We can get around this limitation with custom functions:

CREATE OR REPLACE FUNCTION quote_array(text[]) 
RETURNS text AS $$
SELECT array_to_string(array(SELECT quote_ident($1[i]) 
                                FROM generate_series(1, array_upper($1,1)) g(i)),
                       '.') 
$$ LANGUAGE SQL IMMUTABLE;

CREATE OR REPLACE FUNCTION quote_schema_ident(text) 
RETURNS text AS $$
SELECT quote_array(string_to_array($1,'.'))
$$ LANGUAGE SQL IMMUTABLE;

postgres=# select quote_schema_ident('public.foo tab');
 quote_schema_ident 
--------------------
 public."foo tab"
(1 row)

Autor: Pavel Stehule.

Fast searching of longer prefix

Searching longest prefix is common task - mainly in communications. We search for the longest prefix for some number from from set of prefixes. I solved this task some years ago with stored procedure and modified method of halving of interval. Maybe little bit slower but simple and robust method was described by Hubert Lubaciewski (Depesz).
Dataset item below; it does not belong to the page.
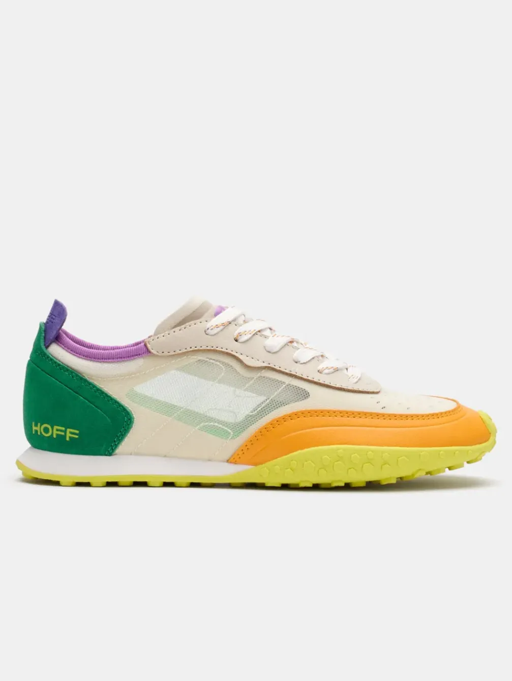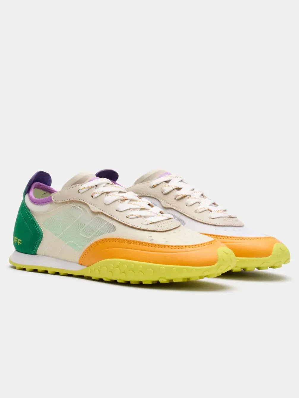 Lichtheid En Frisheid In Één Enkele Sneaker. De Bird Robin Biedt Een Ontwerp Dat Net Zo Uniek Is Als Ideaal Voor Zomerdagen, Waar Comfort En Stijl Uw Eerste Prioriteit Is. Transparant Gaas Aan De Zijkanten, Mosterdleer En De Gele Rubberen Zool Met Studs Zijn Niet Alleen Een Knipoog Naar Voetbalsneakers, Maar Zorgen Er, In Combinatie Met De Flexibele Tong En Structuur, Ook Voor Dat Je Je Favoriete Steden Wilt Verkennen Zonder Moe Te Worden. Het Contrast Met Groen En Lila Geeft Ze Een Ongeëvenaard Tintje Aan Je Uiterlijk. Combineer Ze Met Een Spijkerrok Of Een Oversized Broek.

--table contains about 5000 prefixes
postgres=# select * from prefixesx limit 5;
   costcode_name    | costcode 
--------------------+----------
 Afghanistan        | 93
 Afghanistan Mobile | 9370
 Afghanistan Mobile | 9379
 Afghanistan Mobile | 9380
 Alaska (USA)       | 1907
(5 rows)

Simple but slow solution with LIKE:

postgres=# SELECT * 
              FROM prefixesx 
             WHERE '420724181000' LIKE costcode || '%' 
             ORDER BY length(costcode) DESC 
             LIMIT 1;
          costcode_name          | costcode 
---------------------------------+----------
 Czech Republic Mobile - EuroTel | 42072

Fast solution is generating all possible prefixes from number and search this prefixes:

CREATE OR REPLACE FUNCTION prefixes(varchar) 
RETURNS varchar[] AS $$
SELECT ARRAY(SELECT substring($1 FROM 1 FOR i) 
                FROM generate_series(1, length($1)) g(i))::varchar[]; 
$$ LANGUAGE sql IMMUTABLE;

and use query:

postgres=# SELECT * 
              FROM prefixesx 
             WHERE costcode = ANY (prefixes('420724191000')) 
             ORDER BY length(costcode) DESC 
             LIMIT 1;
          costcode_name          | costcode 
---------------------------------+----------
 Czech Republic Mobile - EuroTel | 42072

On 5000 rows is this query 4 times faster than LIKE.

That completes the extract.